Tuesday, January 29, 2008

Eight Years of Bliss

A re-post from my personal blog.

Tonight marks the anniversary of the first time I ever heard the band Fluid Ounces live. I had been seeing a band called the Features around Murfreesboro and Nashville for the four months before, and I had bought my first Fluid Ounces record, Big Notebook for Easy Piano, a couple of weeks before since the Features were opening for them on January 29, 2000. The record was okay on first listen, but seeing them live was what really made the difference for me. I had really fallen for the piano songs in my two favorite bands at the time, the Beatles and R.E.M., and there I was being smacked by a band that employed that as its sound the whole time.

What I was not prepared for was the change that it would bring about for upon discovering the band. In college, I had largely tried to base my identity on being “the music guy:” you know, that guy who can always recommend the cool band that no one has ever heard of, collects vinyl, goes to hear live music all the time, puts down others’ music, etc. etc. etc. (see High Fidelity). Finding Fluid Ounces changed all that because I couldn’t be that music guy any more. You know why? I suddenly had no desire and no need to find any other music than what I had right there. To use the rock cliché, the songs were fun, the lyrics were good, and those guys could really play! But more than that: every song, in usually deceptive or metaphorical ways, felt like it was about me. Every single song resonated with me in such weird ways as I began to purchase their other records and hear the new ones as they were written and debuted on the live stage. I had always wanted to be a songwriter before that, but in addition to my utter failure at writing verse, I felt like this guy up there singing about a whole bunch of the stuff that I was going through, had gone through, or had felt for quite some time. He had effectively already used everything I would have had or wanted to write a song about (except for the opposite end of the rock spectrum on which the Minutement operate), all the while doing it better than I could. I suddenly didn’t care to find other bands since I found a band that sounded like they were writing every song about me personally, just down the street in Murfreesboro, instead of doing stadium tours around the country or living far off in Liverpool.

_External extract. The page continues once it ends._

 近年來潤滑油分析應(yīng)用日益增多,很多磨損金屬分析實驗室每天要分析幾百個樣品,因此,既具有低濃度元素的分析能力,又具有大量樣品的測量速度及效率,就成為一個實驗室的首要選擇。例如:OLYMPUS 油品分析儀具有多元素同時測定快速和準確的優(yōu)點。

I ran from the show that night and purchased two more CD’s, the best of them all being In the New Old-Fashioned Way (until the recent release of Instant Nostalgia, which I consider to be a tie with it until further notice…). That one CD would stay in my player for months to come, as I was unable to listen to anything else for a very long time. I would see the band every time they would play, inviting all my friends and anyone who would come and hear them. Their interest waned though, and it took a while for me to come to terms with the fact that I was the only person reacting so personally to it all. I continued to see them and see them, listening to them far more than any other music. Their singer went through a divorce in 2004, a bit over a year before mine, and the songs that followed would serve as a great source of help as I went through the most difficult time in my life. He had already fallen in love again and was almost married again by the time I was actually divorced, and his subsequent songs were a great source of hope and inspiration for me that things would and could get better for me.

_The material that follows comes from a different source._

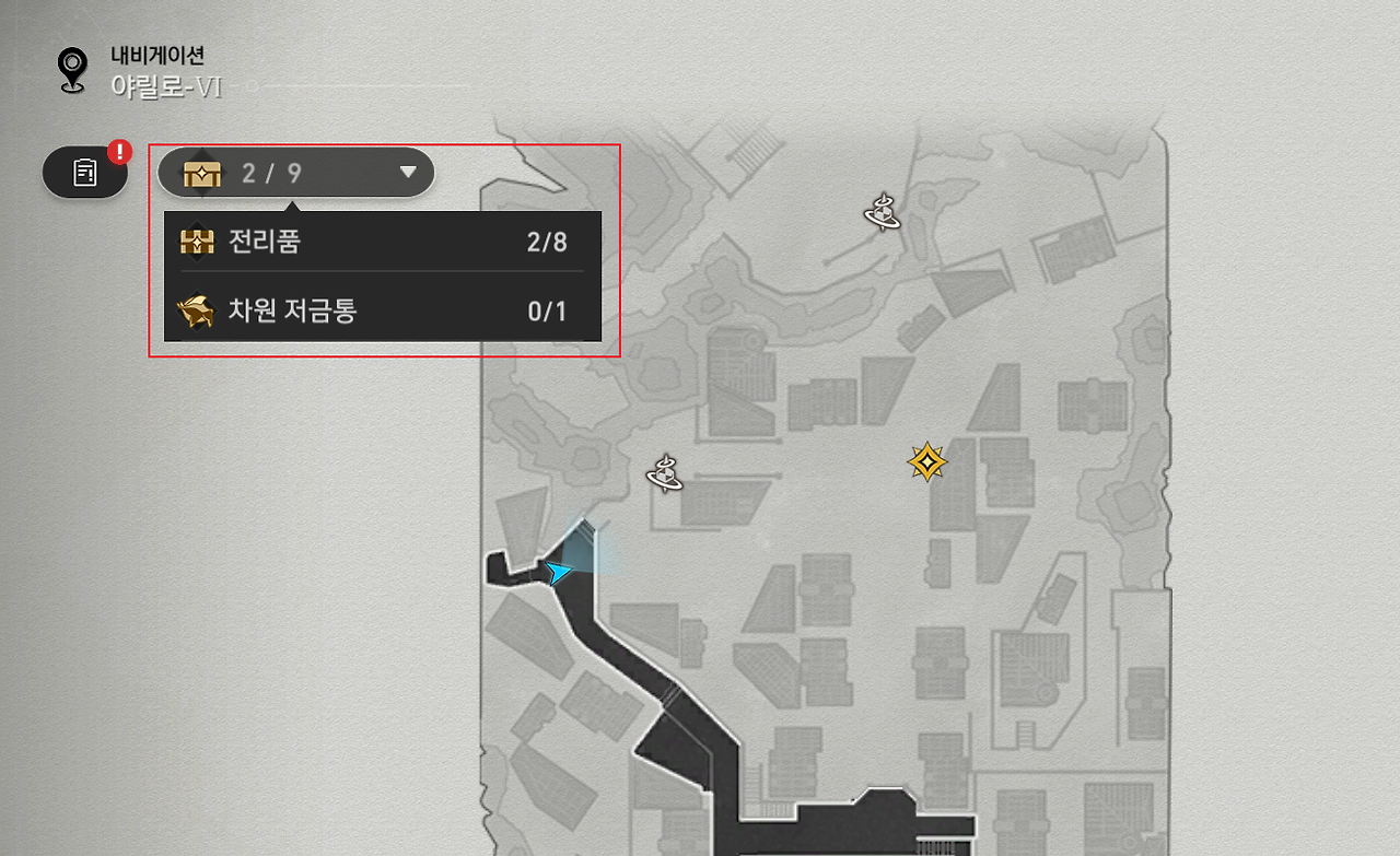 그리고 지도를 활용하면 현재 필드에 존재하는 전리품이나 회수 가능한 물품이 얼마나 남아있는지 알 수 있기 때문에 이 기능을 이용하여 필드에서 획득할 수 있는 전리품을 찾으로 돌아다니는 수고를 조금은 덜 수 있다.

True, my musical tastes have evolved, and I’ve started listening to lots of new acts since that discovery, but Fluid Ounces has shifted to the center of it all. It doesn’t feel quite the same to listen to it now, since I don’t feel like I did when I was twenty-one anymore. But with all media, the more times you experience those things you love, the more that past experiences with them inform the present and call to mind previous experiences with them, as if a flood of nostalgia with each (in this case) song is recognizing and enjoying the sum of all the times I’ve listened to and enjoyed it, augmenting the experience for the better.

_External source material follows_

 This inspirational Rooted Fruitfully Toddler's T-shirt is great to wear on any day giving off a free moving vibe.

For posterity’s sake, that night’s setlist was as follows:
Life of the Party (intro)
Vegetable Kingdom
Melissa’s Birthday
Cops and Criminals
Encyclopedia Brown
Amount to Something
Get Yourself Gone
Eleven:Eleven
Sugar Mama
Out of Your Element
Record Stack

The Last Thing
Smitten
Poet Tree
She Blinded Me with Science
Have Fun (Seth solo encore)

I have just posted two songs from this show in the last week, and I’ll post another song and a live mp3 from that very show on Thursday.